© 1997 Heron Publishing—Victoria, Canada
Vertical gradients in photosynthetic gas exchange characteristics and refixation of respired CO2 within boreal forest canopies
J. Renée Brooks (1, 2), Lawrence B. Flanagan (3), Gregory T. Varney (3) and James R. Ehleringer (1)
1. Department of Biology, Stable Isotope Ratio Facility for Environmental Research, University of Utah, Salt Lake City, UT 84112,
USA / 2. Department of Biology, University of South Florida, Tampa, FL 33620, USA / 3. Department of Biology, Carleton University, 1125 Colonel By Drive, Ottawa, Ontario K1S 5B6, Canada / Received December 13, 1995
Summary
We compared vertical gradients in leaf gas exchange, CO2 concentrations, and refixation of respired CO2 in stands of Populus tremuloides Michx., Pinus banksiana Lamb. and Picea mariana (Mill.) B.S.P. at the northern and southern boundaries of the central Canadian boreal forest. Midsummer gas exchange rates
in Populus tremuloides were over twice those of the two conifer species, and Pinus banksiana rates were greater than Picea mariana rates. Gas exchange differences among the species were attributed to variation in leaf nitrogen concentration. Despite these
differences, ratios of intercellular CO2 to ambient CO2 (ci/ca) were similar among species, indicating a common balance between photosynthesis and stomatal conductance in boreal trees.
At night, CO2 concentrations were high and vertically stratified within the canopy, with maximum concentrations near the soil surface.
Daytime CO2 gradients were reduced and concentrations throughout the canopy were similar to the CO2 concentration in the well-mixed atmosphere above the canopy space.

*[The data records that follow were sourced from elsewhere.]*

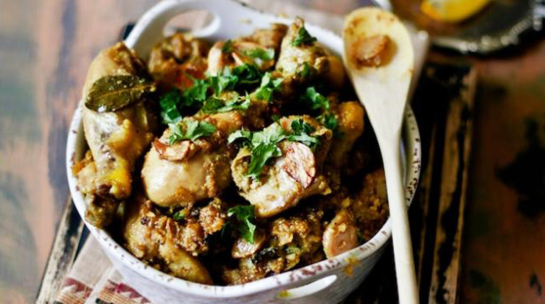 - Σε ένα wok ή σε ένα βαθύ τηγάνι, ζεσταίνουμε το ελαιόλαδο σε μέτρια ένταση. Προσθέτουμε την πιπεριά, τα φύλλα δάφνης και τις υπόλοιπες 4 σκελίδες σκόρδου (λιωμένες). Προσθέτουμε το κρεμμύδι και σοτάρουμε μέχρι να ροδίσει. Στο τέλος, προσθέτουμε το μαριναρισμένο κοτόπουλο και ανακατεύουμε, να ομογενοποιηθούν καλά όλα τα υλικά. Μαγειρεύουμε σε μέτρια φωτιά για περίπου 20 λεπτά, ανακατεύοντας περιστασιακά. Αν χρειάζεται, προσθέτουμε αλάτι.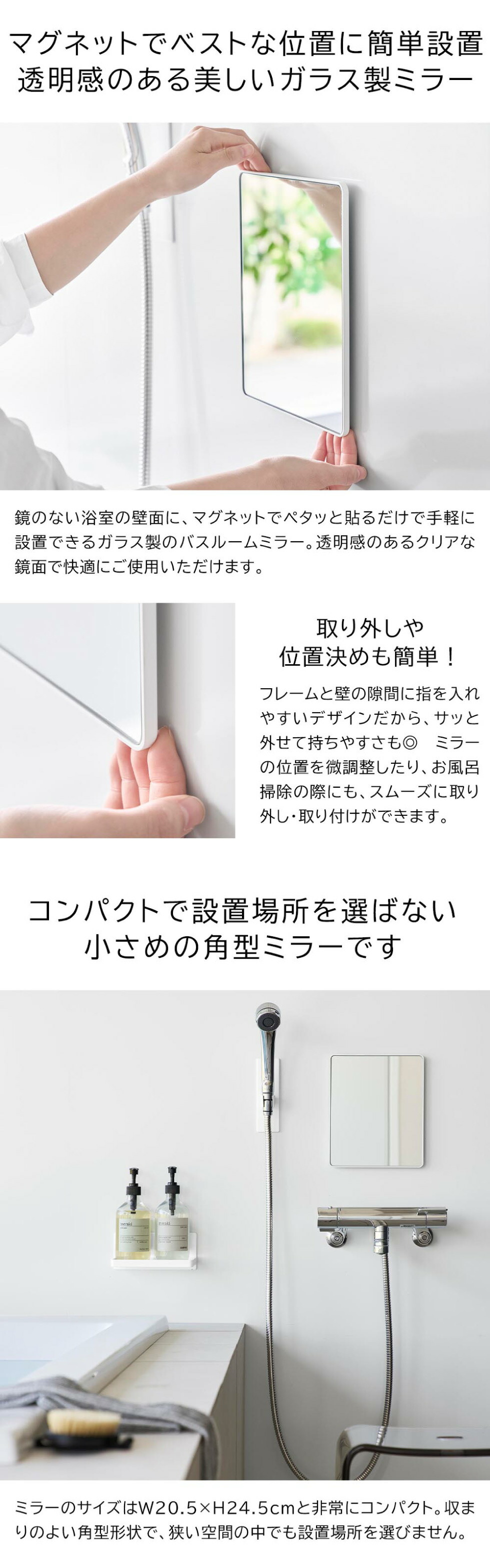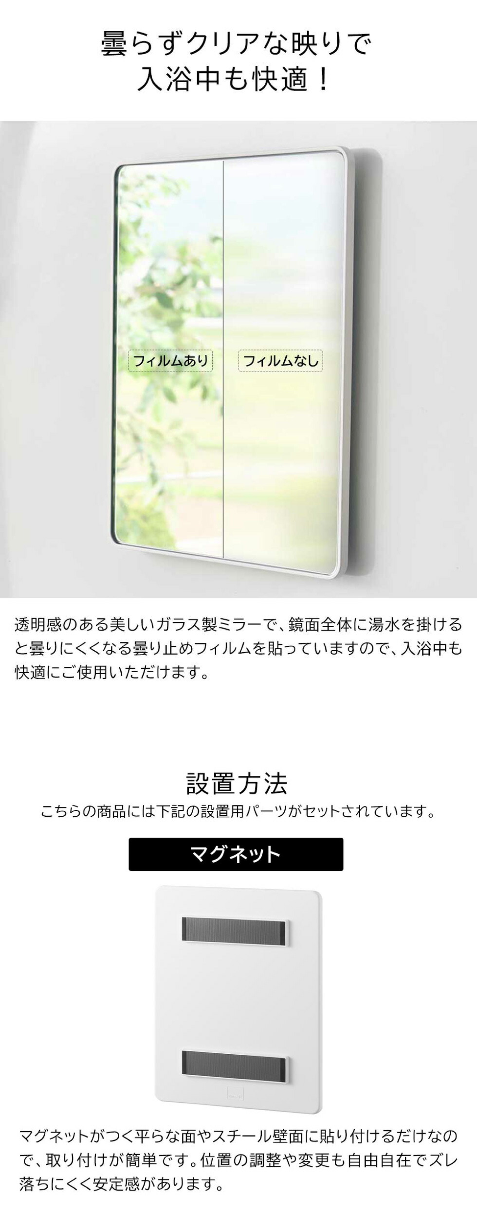 美しく、透明感があるガラス製バスルームミラー角型です。マグネットでお好みの場所に設置可能。曇り止め加工を施したガラス製バスルームミラーは、クリアで透明感がありキズがつきにくい仕様。フレームと壁の隙間に指を入れやすい形状で、取り外しも簡単。お掃除がしやすく清潔に保てます。さらに、曇り止めフィルムを全面に粘着加工しているため、快適にお使いいただけます。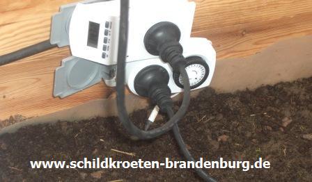 Das Einstellen der Technik richtet sich in erster Linie nach der Jahreszeit, deren Temperaturen und der Aktivitätsphase der Schildkröten. Hierbei ist bei der Einstellung der Technik zu unterscheiden, ob die Schildkröten nach der Winterstarre bereits im Übergangsterrarium waren, demnach wach und bereits aufgewärmt sind oder ob diese während der Starre ins Frühbeet überführt werden, um selbstständig Aufzuwachen oder ob die Tiere im Frühbeet überwintert haben und noch starren. Weiterhin ist auch zu bedenken, ob im Sommer oder sogar erst im Herbst ein Tier als Neuankömmling hinzukommt. Je nachdem ist die Einstellung vorzunehmen und der Jahreszeit schrittweise anzupassen (zu erhöhen). Im Herbst sollte auch die Rubrik Hibernation gelesen werden, da dann die Zeiten und die Temperaturen nach und nach minimiert werden. Bitte auch die Zeitumstellung im Frühjahr (März) bedenken. Um die Schildkröten nicht zu verwirren, gleich von Anfang an auf die neue Zeit die Technik einstellen.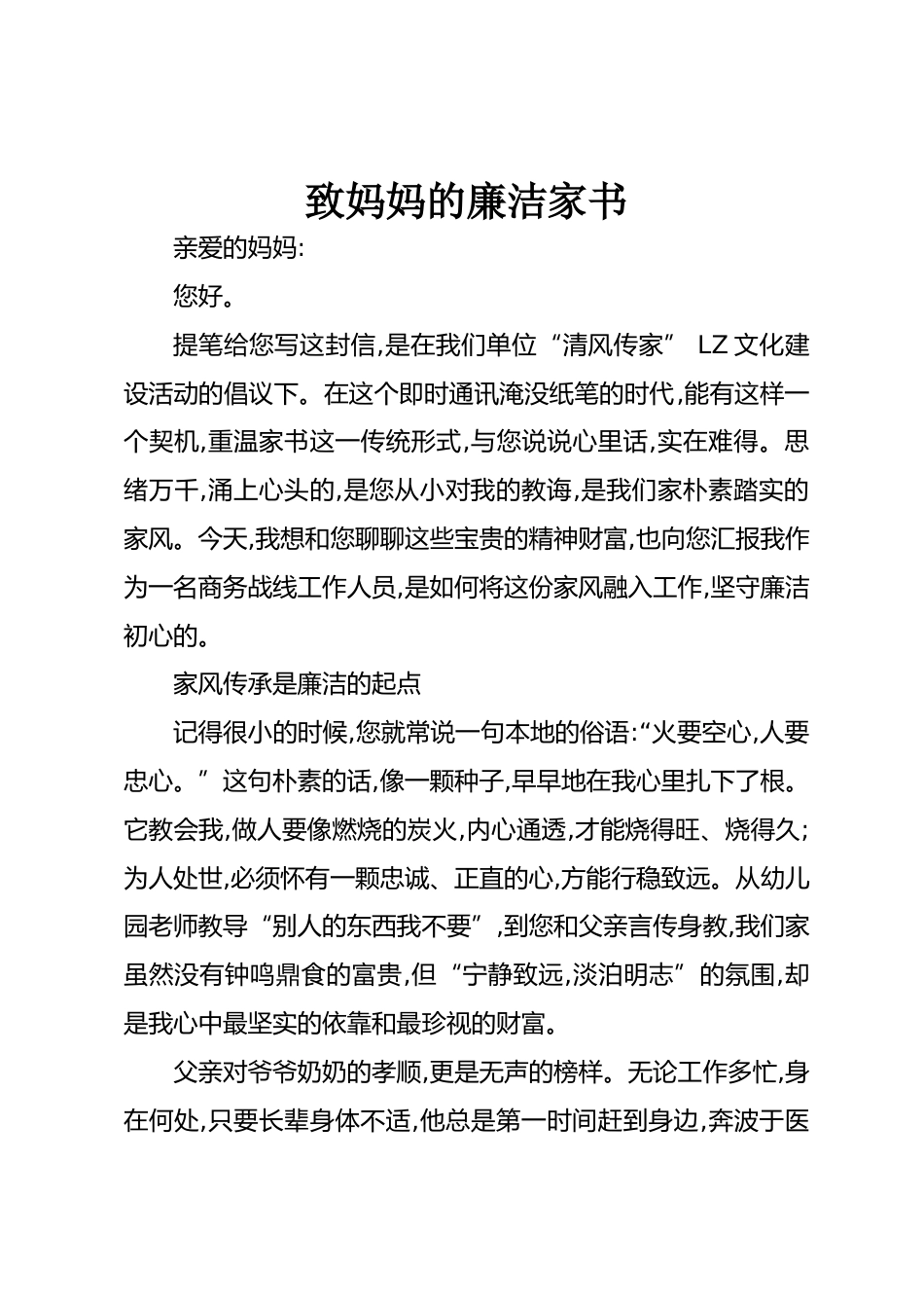 致媽媽的廉潔家書親愛的媽媽:您好。提筆給您寫這封信,是在我們單位“清風傳家”LZ文化建設活動的倡議下。在這個即時通訊淹沒紙筆的時代,能有這樣一個契機,重溫家書這一傳統(tǒng)形式,與您說說心里話,實在難得。思緒萬千,涌上心頭的,是您從小對我的教誨,是我們家樸素踏實的家風。今天,我想和您聊聊這些寶貴的精神財富,也向您匯報我作為一名商務戰(zhàn)線工作人員,是如何將這份家風融入工作,堅守廉潔初心的。家風傳承是廉潔的起點記得很小的時候,您就常說一句本地的俗語:“火要空心,人要忠心?!边@句樸素的話,像一顆種子,早早地在我心里扎下了根。它教會我,做人要像燃燒的炭火,內心通...

Photosynthesis had a diurnal pattern opposite to the CO2 profile, with the highest rates of photosynthesis occurring when CO2 concentrations and gradients were lowest. After accounting for this diurnal interaction, we determined that photosynthesizing
leaves in the understory experienced greater daily CO2 concentrations than leaves at the top of the canopy. These elevated CO2 concentrations were the result of plant and soil respiration. We estimated that understory leaves in the Picea mariana and Pinus banksiana stands gained approximately 5 to 6% of their carbon from respired CO2.
Keywords:
boreal forest, BOREAS, carbon dioxide gradients, carbon isotope discrimination, carbon refixation, photosynthesis.